John Lennon's murderer confesses and apologizes
Chapman revealed that, as a 25-year-old, he took John Lennon's life in a selfish act to obtain glory, as Lennon was someone extremely famous.
"I have no excuse. This was for self-glory. I think it's the worst crime that there could be to do something to someone that's innocent," Chapman said in a newly-released parole hearing transcript.
"(Lennon) was extremely famous. I didn't kill him because of his character or the kind of man he was. He was a family man. He was an icon.
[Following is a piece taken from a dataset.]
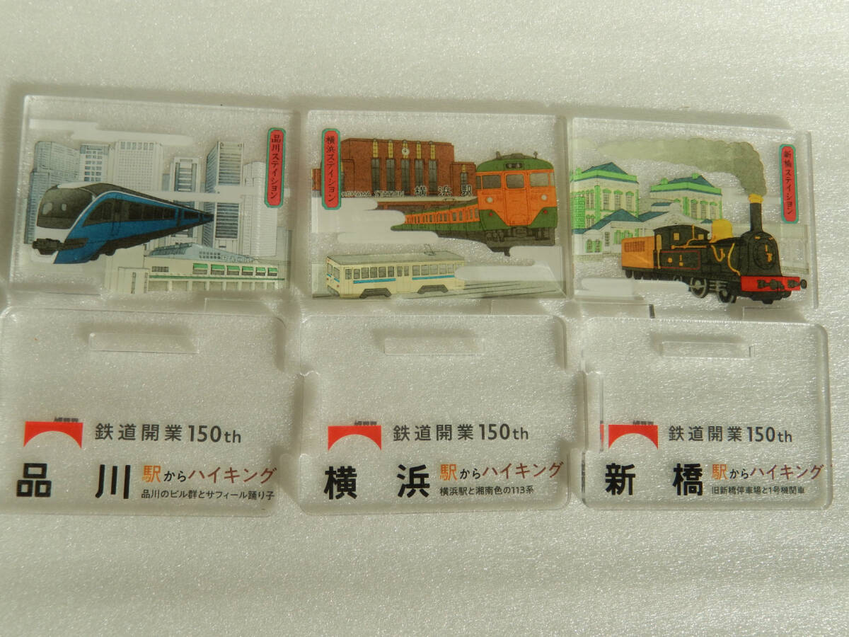 - JR東日本 《 鉄道開業150周年記念 新橋駅・品川駅・横浜駅 アクリルスタンド 3種 》☆★☆★☆ 鉄道 グッズ 電車 車両 国鉄 トレイン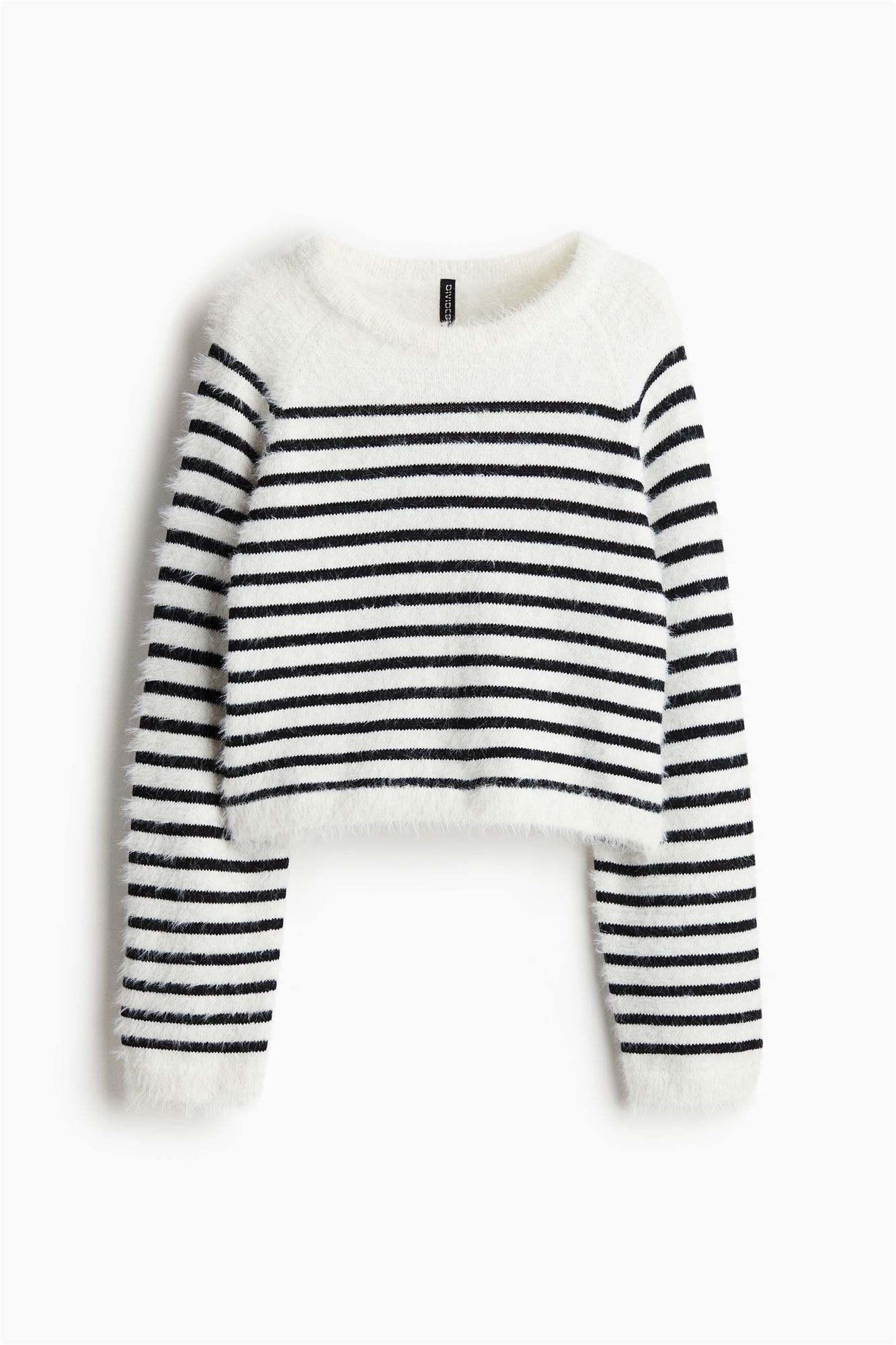 Джемпер из мягкого пушистого трикотажа с круглым вырезом в рубчик и длинными рукавами реглан. Ребристые манжеты и подол.

He was someone that spoke of things that now we can speak of and it's great.
"I assassinated him, to use your word earlier, because he was very, very, very famous and that's the only reason and I was very, very, very, very much seeking self-glory, very selfish," he added.
Mark David Chapman regrets the pain brought upon Yoko Ono
At the same time, Chapman stressed that he regrets what he did almost four decades ago, especially for the pain it caused Lennon's partner, Yoko Ono.
"I just want to reiterate that I am sorry for my crime (…) I'm sorry for the pain that I caused to her (Ono). I think about it all of the time," Chapman said.
In addition, Chapman admitted that the act he carried out deserved a death penalty sentence, a measure abolished in New York as of 2007.
"When you knowingly plot someone's murder and know it's wrong and you do it for yourself, that's a death penalty right there in my opinion," he concluded.
In August, Chapman was denied parole for the 11th time. He's serving 20 years to life for the second-degree murder of Lennon in 1980, and will be up for parole again in August 2022. Oct. 9, 2020 will mark what would've been Lennon's 80th birthday.